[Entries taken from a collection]
=======
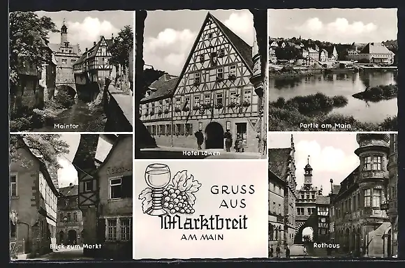 AK Marktbreit am Main, Hotel Löwen, Rathaus, Maintor
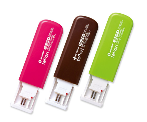 ボディーカラーは、グリーン、ピンク、茶、各420円。つめ替え用テープは、262円。
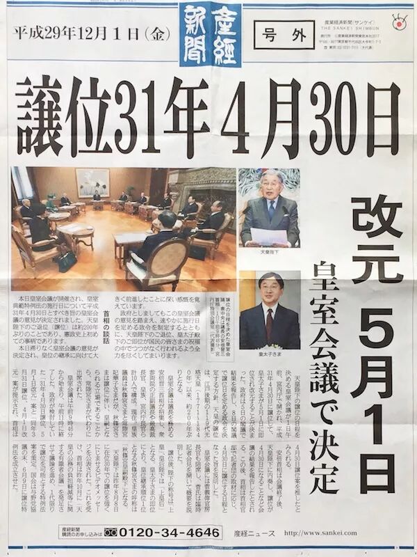 平成天皇退位的号外(产经新闻,平成二十九年12月1日号)
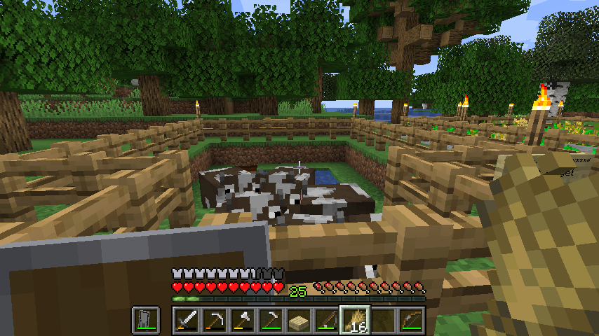 3. Find cow and put wheat in hand. Right click to feed cow (doesn't work).
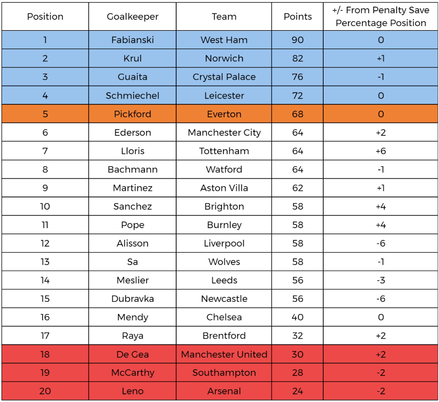 Fabianski won the most penalty shootouts racking up 90 points, which is driven by his penalty save percentage being the highest in the league. The three relegated sides are Manchester United, Southampton and Arsenal. This is interesting as Bernd Leno and David De Gea are two of the best open-play shot-stoppers in the league. This means their problem is reading penalty-takers, not the actual saving if they go the right direction. All the newly promoted sides stay up in this format, with Krul and Norwich finishing second in the league. Krul is acknowledged as one of the best penalty savers in the league. He is well known for being subbed on for the penalty shootout against Costa Rica in the 2014 World Cup, saving 2 penalties and winning the game for the Netherlands.
=======
» PROBLEM DESCRIPTION
Exact copy, pictures excluded: every line above from the one containing "ボディーカラーは、グリーン、" to the one containing "3. Find cow", inclusive, and nothing more.

» RESPONSE TO THIS EXERCISE
 ボディーカラーは、グリーン、ピンク、茶、各420円。つめ替え用テープは、262円。
 平成天皇退位的号外(产经新闻,平成二十九年12月1日号)
 3. Find cow and put wheat in hand. Right click to feed cow (doesn't work).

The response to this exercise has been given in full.